Updated on 2024-08-16 GMT+08:00

Impala Development Plan

Scenario Description

Assume that you need to develop an Impala data analysis application to manage the employee information of an enterprise. Table 1 and Table 2 provide employee information.

Development Guidelines

  1. Prepare data.

    1. Create three tables: employee information table employees_info, employee contact table employees_contact, and extended employee information table employees_info_extended.
      • Employee information table employees_info contains fields such as employee ID, name, salary currency, salary, tax category, work place, and hire date.
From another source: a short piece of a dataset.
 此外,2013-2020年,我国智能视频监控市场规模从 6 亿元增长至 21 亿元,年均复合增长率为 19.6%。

In salary currency, R indicates RMB and D indicates USD.
      • Fields in the employees_contact table include the employee ID, phone number, and email address.
      • Fields in the employees_info_extended table include the employee ID, name, mobile phone number, e-mail address, salary currency, salary, tax category, and work place. The partition field is the hire date.

        For details about table creation codes, see Creating an Impala Table.
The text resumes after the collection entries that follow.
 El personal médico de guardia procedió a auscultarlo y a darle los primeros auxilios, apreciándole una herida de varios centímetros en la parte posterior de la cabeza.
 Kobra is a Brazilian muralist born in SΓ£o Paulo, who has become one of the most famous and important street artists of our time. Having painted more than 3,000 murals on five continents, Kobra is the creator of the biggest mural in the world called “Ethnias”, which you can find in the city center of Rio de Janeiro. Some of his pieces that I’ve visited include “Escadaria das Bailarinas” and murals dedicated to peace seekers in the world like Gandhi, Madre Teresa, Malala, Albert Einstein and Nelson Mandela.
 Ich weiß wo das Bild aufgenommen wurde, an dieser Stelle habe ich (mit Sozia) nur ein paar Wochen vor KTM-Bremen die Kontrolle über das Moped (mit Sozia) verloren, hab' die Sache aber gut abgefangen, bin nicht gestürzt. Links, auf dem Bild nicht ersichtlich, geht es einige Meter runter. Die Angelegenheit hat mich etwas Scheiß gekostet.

    2. Load employee information to employees_info.

      For details about data loading codes, see Loading Impala Data.

      Table 1 provides employee information.
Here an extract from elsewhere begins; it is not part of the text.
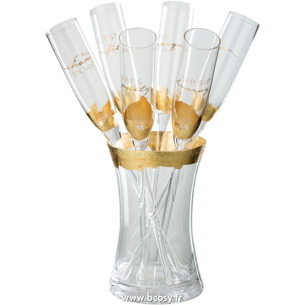 J-Line by Jolipa Verres A Champagne Dans Seau Verre Transparent/Or

      Table 1 Employee information

      Employee ID

      Name

      Salary Currency

      Salary

      Tax Category

      Work Place

      Hire Date

      1

      Wang

      R

      8000.01

      personal income tax&0.05

      China:Shenzhen

      2014

      3

      Tom

      D

      12000.02

      personal income tax&0.09

      America:NewYork

      2014

      4

      Jack

      D

      24000.03

      personal income tax&0.09

      America:Manhattan

      2014

      6

      Linda

      D

      36000.04

      personal income tax&0.09

      America:NewYork

      2014

      8

      Zhang

      R

      9000.05

      personal income tax&0.05

      China:Shanghai

      2014

    3. Load employee contact information to employees_contact.

      Table 2 provides employee contact information.

      Table 2 Employee contact information

      Employee ID

      Phone Number

      Email

      1

      135 XXXX XXXX

      xxxx@xx.com

      3

      159 XXXX XXXX

      xxxxx@xx.com.cn

      4

      186 XXXX XXXX

      xxxx@xx.org

      6

      189 XXXX XXXX

      xxxx@xxx.cn

      8

      134 XXXX XXXX

      xxxx@xxxx.cn

  2. Analyze data.

    For details about data analysis codes, see Querying Impala Data.

    • Query contact information of employees whose salaries are paid in USD.
    • Query the IDs and names of employees who were hired in 2014, and load the query results to the partition with the hire date of 2014 in the employees_info_extended table.
    • Collect the number of records in the employees_info table.
    • Query information about employees whose email addresses end with "cn".

  3. Submit a data analysis task to collect the number of records in the employees_info table. For details, see Analyzing Impala Data.